#### WHAT IS REQUIRED:
Using the data below, reproduce exactly the lines from the line with "PRIMOAcuarela primo 8" to the line with "Instalación eléctrica para", both included; pictures must be dropped.

#### ENTRIES SUPPLIED:
::::

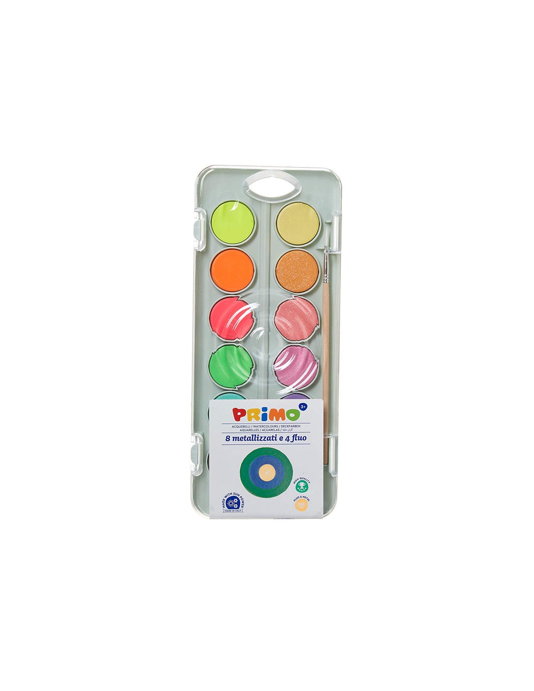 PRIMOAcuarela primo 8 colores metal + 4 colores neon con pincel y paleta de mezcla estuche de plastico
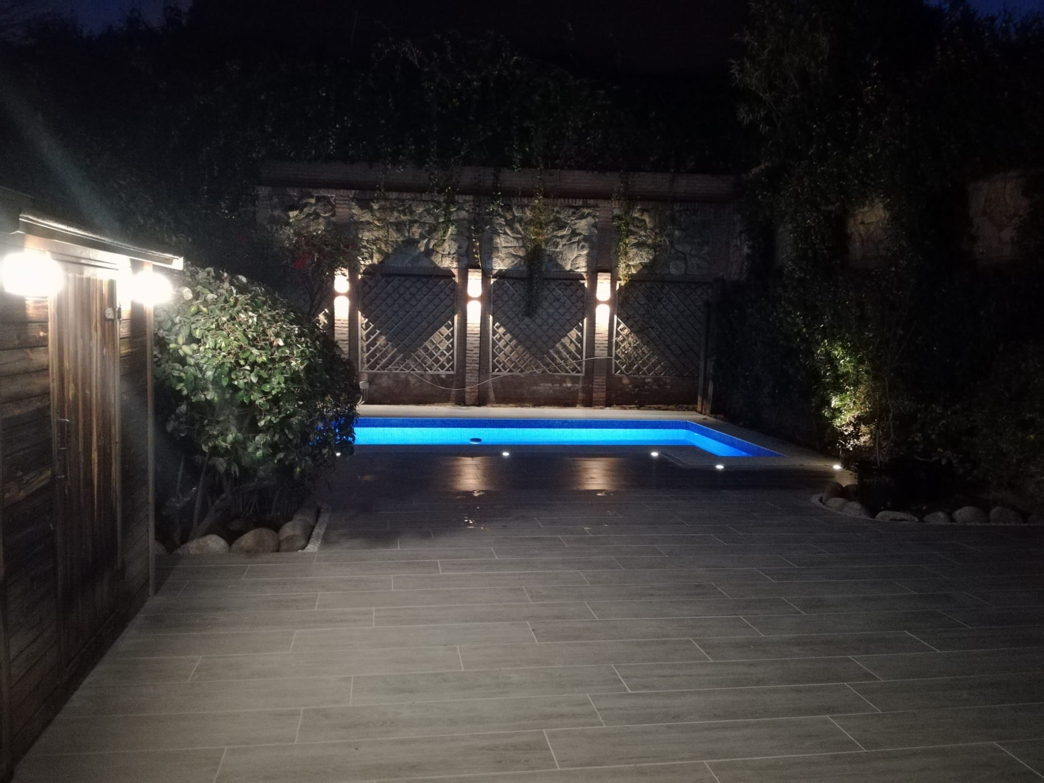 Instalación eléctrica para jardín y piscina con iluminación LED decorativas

::::

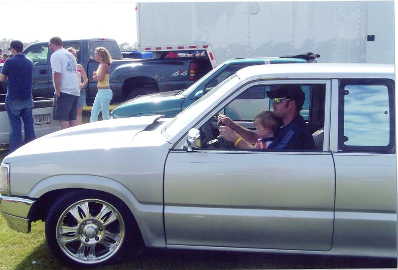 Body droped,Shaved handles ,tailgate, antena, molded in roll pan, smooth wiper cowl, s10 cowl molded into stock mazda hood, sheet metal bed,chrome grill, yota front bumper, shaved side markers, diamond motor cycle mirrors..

::::

#### WRITTEN SOLUTION:
 PRIMOAcuarela primo 8 colores metal + 4 colores neon con pincel y paleta de mezcla estuche de plastico
 Instalación eléctrica para jardín y piscina con iluminación LED decorativas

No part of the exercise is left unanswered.